Outras experiências de escrita se ampliaram por meio da pesquisa acadêmica, tanto no Mestrado quanto no Doutorado, e surpreenderam-me pelo interesse que os estudos provocaram e me levaram profissionalmente ao mercado editorial: “O fluxo metanarrativo de Hilda Hilst em ‘Fluxo-floema’” (2010, Editora Annablume) e “Narrativas em cena: Aderbal Freire-Filho (Brasil) e João Brites (Portugal)” (2015, Móbile Editorial/ Faperj) tiveram lançamentos oficiais, sessões de autógrafo e a felicidade da circulação destes textos, que já encontraram leitores de lugares diversos, dos quais eventualmente recebo contato, mensagens, ou mesmo encontro citações e referências em pesquisas no Google. Além destes, alguns artigos encontram-se publicados em revistas especializadas, artigos em jornais e alguns contos em coletâneas e antologias aqui e ali. O leitor pode encontrar alguns deles na web, os links estão na página “Publicações” aqui mesmo no site.

Agora venho retomando o hábito de escrever ficção literária, estimulada por pesquisas na UFMG sobre performance narrativa e autoficção, principalmente pela empreitada do romance “A Casa da Senhora H” que, depois de cinco anos de pesquisas e experimentações, chegará à sua versão final neste ano e estará à disposição de editoras interessadas.
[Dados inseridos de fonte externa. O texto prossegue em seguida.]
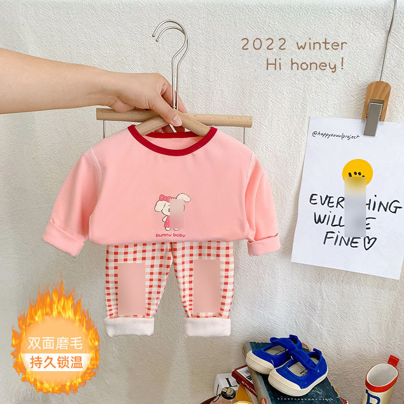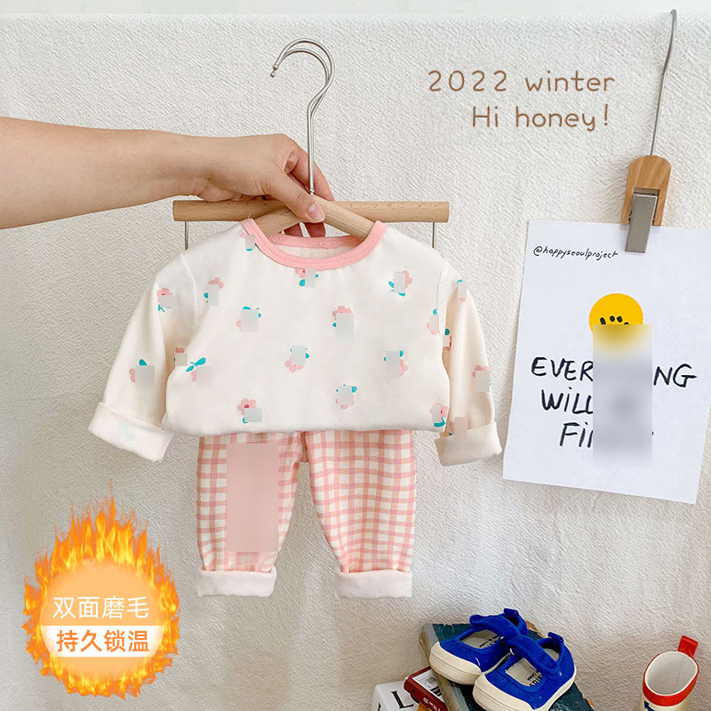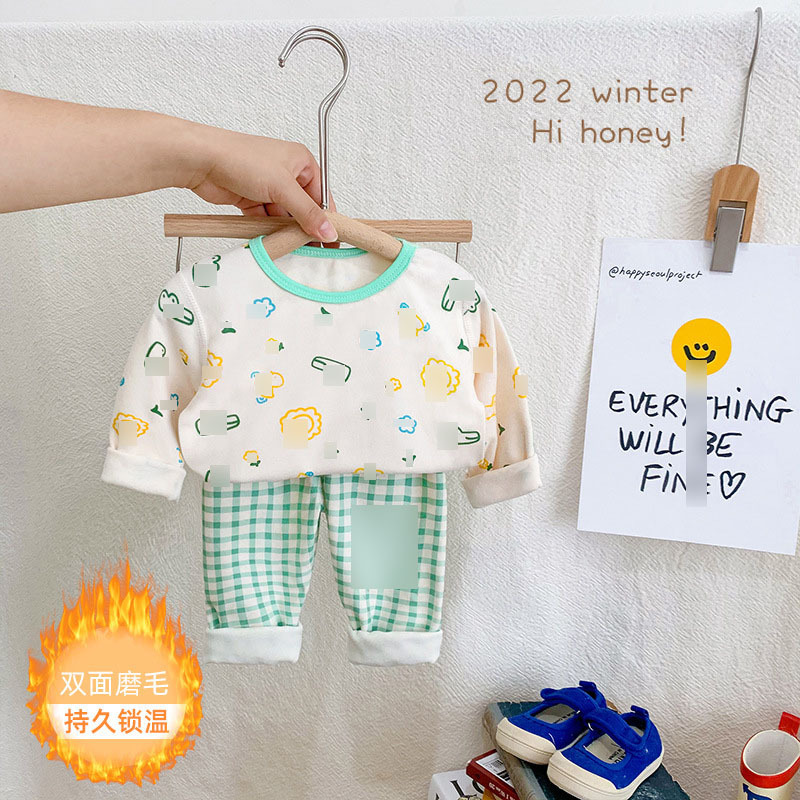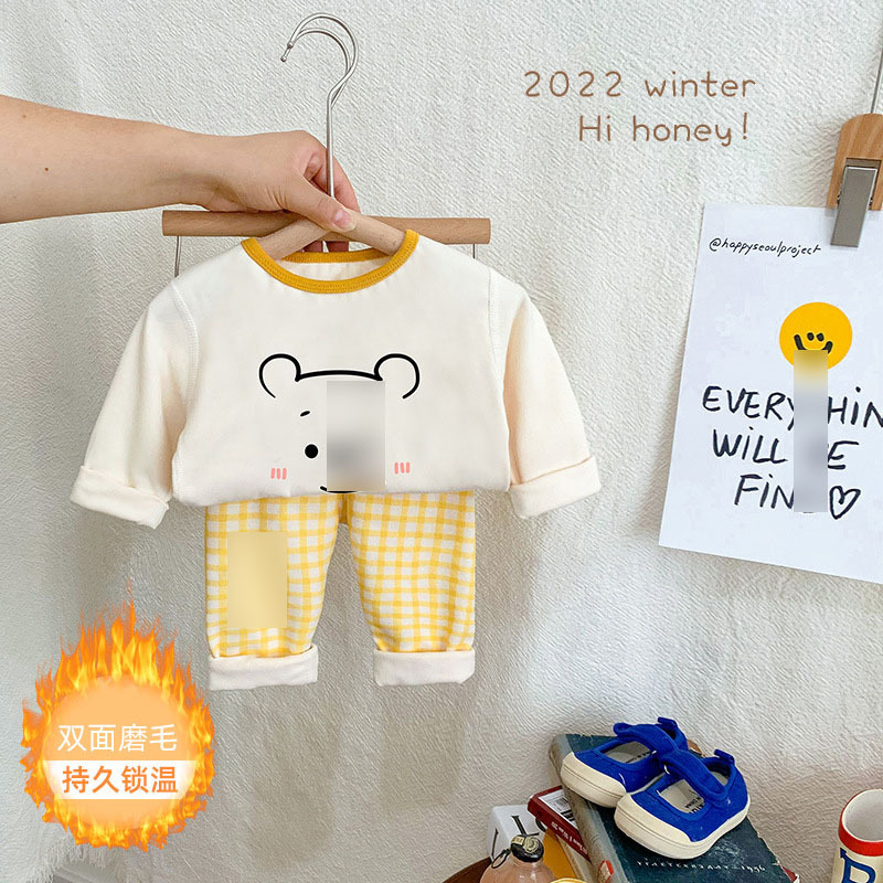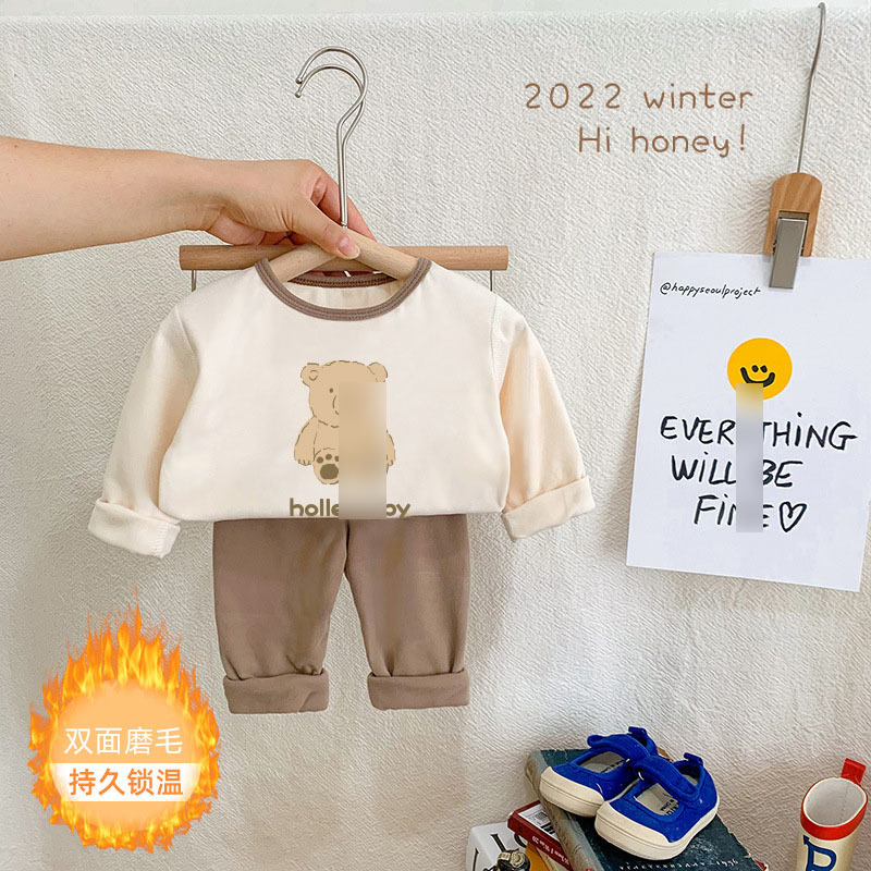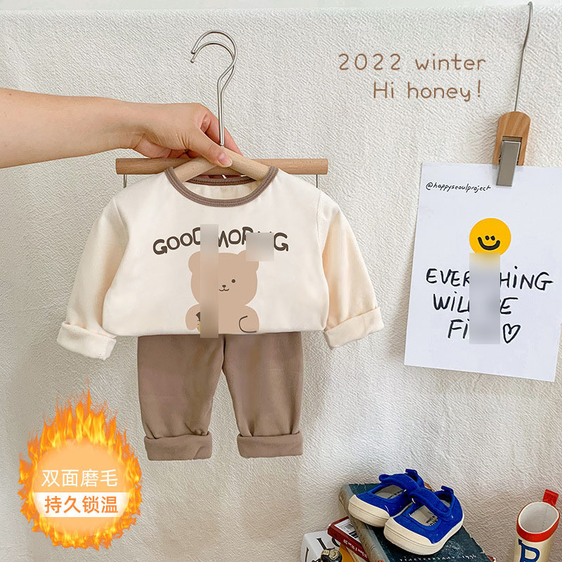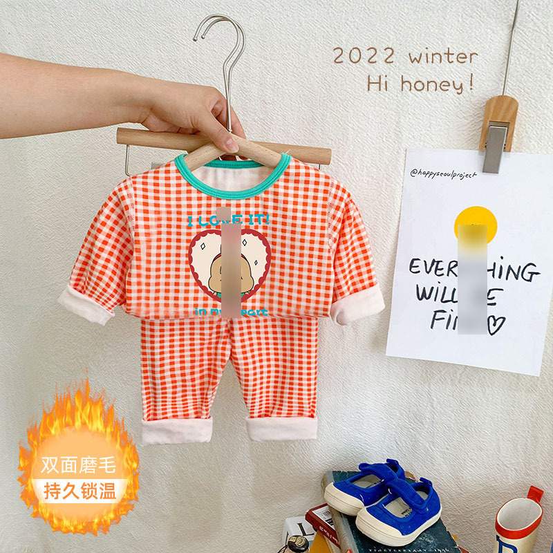 한국 스타일 인터넷 연예인 어린이 세트 편안한 속옷 드 벨벳 가을과 겨울 착용 샌딩 두꺼운 남성과 여성 아기 가정 옷 사용자 정의스토어 가기
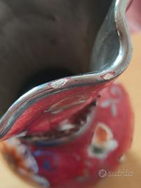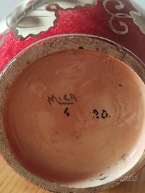 Sul fondo del vaso c'è un marchio dipinto a mano che recita MISA e il numero 20. Il marchio Misa è un'abbreviazione comunemente associata alla manifattura di ceramiche di Sarreguemines località situata in Lorena. Francia rinomata per le ceramiche. Misure: altezza 22, diametro apertura 13 cm, diametro base cm 8. ATTENZIONE ho fotografato delle anomalie sull'apertura superiore dove due tre punti sono leggermente scrostati.
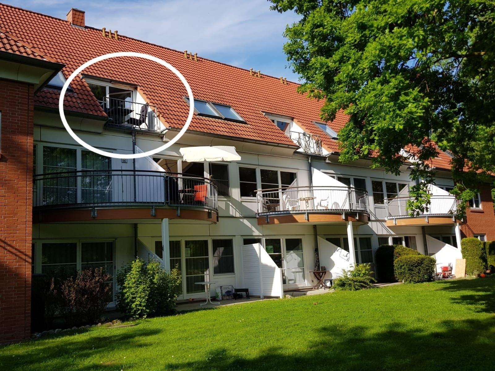 Die Ferienwohnung befindet sich im Dachgeschoss des Apartmenthauses. Von der Wohnung aus haben Sie im Schlafzimmer sogar einen kleinen Meerblick. Das Apartmenthaus liegt knapp 4 Kilometer westlich von Kühlungsborn. Das Grundstück ist umgeben von Bäumen und Feldern. Hier genießen Sie absolute Ruhe und sind doch in wenigen Minuten in Kühlungsborn West oder am Naturstrand (1 km). Ihr Auto parken Sie bequem auf dem Hof. Fahrräder können am Haus abgestellt werden.
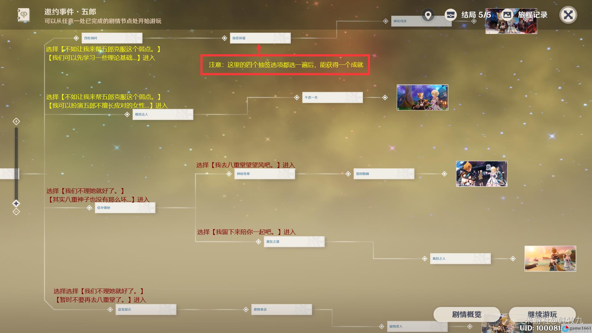 五郎邀約里的三個成就,除了上文中提到的選擇4次不同的抽簽選項,剩下兩個正常完成所有結局就可以獲得
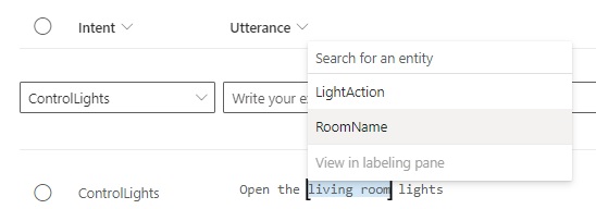 Another way to label utterances with entities is to click on the pencil icon next to the entity then selecting the word(s) in the utterance will float an entity tooltip above the selection, automatically assigning the selected word to the entity as shown:
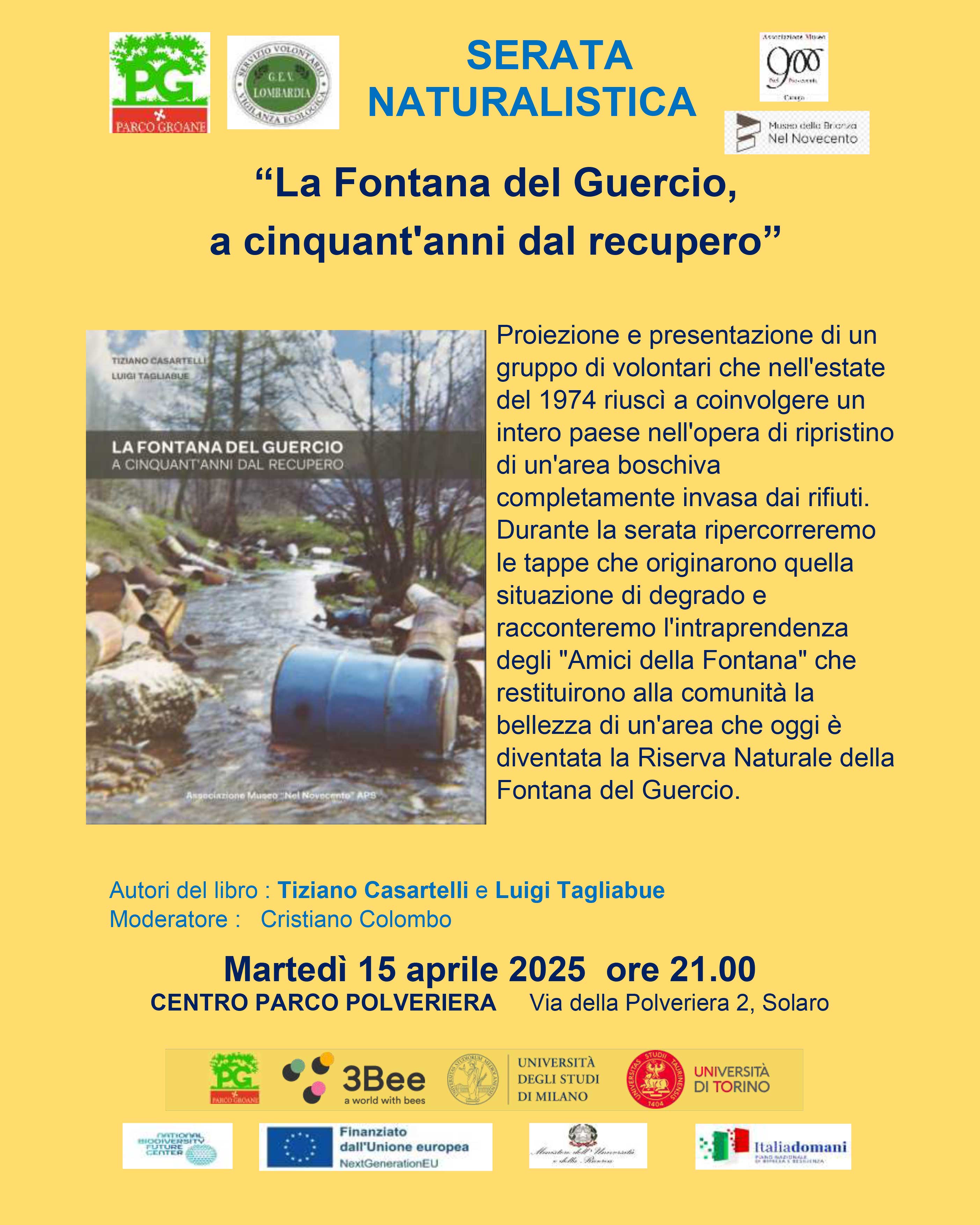 Il secondo appuntamento sarà invece un focus su uno dei luoghi più visitati e delicati del nostro Parco, la Fontana del Guercio. “La Fontana del Guercio, a cinquant’anni dal recupero” il titolo della serata prevista martedì 15 aprile, sempre alle 21 nell’auditorium del Centro Parco Polveriera di Solaro. Si potrà assistere alla presentazione dell’omonimo recentissimo libro, con la proiezione e la presentazione realizzata un gruppo di volontari che nell’estate del 1974 riuscì a coinvolgere un intero paese nell’opera di ripristino di un’area boschiva completamente invasa dai rifiuti. Durante la serata verranno ripercorse le tappe che originarono quella situazione di degrado e sarà raccontata l’intraprendenza degli “Amici della Fontana”, che restituirono alla comunità la bellezza di un’area che oggi è diventata la Riserva Naturale della Fontana del Guercio. Saranno presenti autori del libro: Tiziano Casartelli e Luigi Tagliabue. Modera la serata Cristiano Colombo.

E sobre o ofício do escritor, despeço-me evocando a escritora Lygia Fagundes Telles, cuja declaração me marcou profundamente quando li: “A função do escritor? Escrever para aqueles que não podem escrever. Falar por aqueles que muitas vezes esperam ouvir da nossa boca a palavra que gostariam de dizer. Comunicar-se com o próximo e se possível, mesmo através de soluções ambíguas, ajudá-los no seu sofrimento e na sua esperança. Isso requer amor – o amor e a piedade que o escritor deve ter no seu coração”.

Boa semana e parabéns aos colegas de escrita e sonho!